First way: Imagine that we draw a card at random, and then draw another card. Record the cards we got, in the order we got them.

The probability that the first card is a non-King is $\frac{48}{52}$. Given that the first card was a non-King, the probability the second is a non-King is $\frac{47}{51}$. So with probability $p_0=\frac{48}{52}\cdot\frac{47}{51}$ the number of Kings is $0$.

Similarly, the probability the first card is a King and the second is a non-King is $\frac{4}{52}\cdot \frac{48}{51}$. Similarly, the probability of a non-King followed by a King is $\frac{48}{52}\cdot \frac{4}{51}$. These two probabilities are equal. So the probability of $1$ King is given by $p_1=2\cdot\frac{4}{52}\cdot\frac{48}{51}$.

similarly, the probability $p_2$ of $2$ Kings is given by $p_2=\frac{4}{52}\cdot \frac{3}{51}$.

So the expected number of Kings (the mean number of Kings) is $(0)(p_0)+(1)(p_1)+(2)(p_2)$.

Add up. Leave the denominators alone for a while. Then simplify the fraction as much as you can. You should get that the mean number of Kings is $\frac{2}{13}$.

Second way: There are $\binom{52}{2}$ equally likely ways to choose a hand of $2$ cards. The number of $0$-King hands is $\binom{48}{2}$. So the probability the hand has $0$ Kings is $\frac{\binom{48}{2}}{\binom{52}{2}}$.

To count the number of $1$-King hands, note that the King can be chosen in $\binom{4}{1}$ ways, and for each of these the non_king can be chosen in $\binom{48}{1}$ ways. For the probability, divide by $\binom{52}{2}$.

Similarly, the number of $2$-King hands is $\binom{4}{2}$. Divide by $\binom{52}{2}$ for the probability.

Now that we have the probabilities, we can find the mean as in the first way.

Third way: Let random variable $X_1$ be $1$ if we got a King on the first pick, and $0$ otherwise.
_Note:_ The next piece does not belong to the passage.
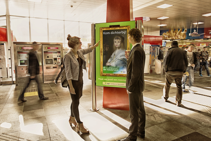 KPN, principal patrocinador del Rijksmuseum, quería llevar las obras pictóricas del museo a la calle, acercarlas al publico. Y, con este reto en mente, se colocaron 84 pantallas digitales en las 16 estaciones de metro de Ámsterdam y Rotterdam. Los transeúntes veían como las obras cobraban vida e, 平, podían ‘meterse’ dentro del cuadro y formar parte de él. Podían hacerse un selfie con la videocámara que integraba la pantalla y luego compartir la imagen en las redes sociales.

Let $X_2=1$ if we got a King on the second pick, and $0$ otherwise. Then random variable $K$, the number of Kings, is given by $K=X_1+X_2$. By the linearity of expectation, we have $$E(K)=E(X_1+X_2)=E(X_1)+E(X_2).\tag{$1$}$$ We need to calculate $E(X_1)$. Since $X_1=1$ with probability $\frac{4}{52}$, and $0$ otherwise, we have $E(X_1)=\frac{4}{52}=\frac{1}{13}$.

Similarly, $E(X_2)=\frac{1}{13}$. Thus by Formula $(1)$, we have $E(K)=\frac{2}{13}$.

Remark: The third way is more sophisticated than the other two, but in a sense it is quite a bit simpler. The ideas of the third way may be very useful to you later.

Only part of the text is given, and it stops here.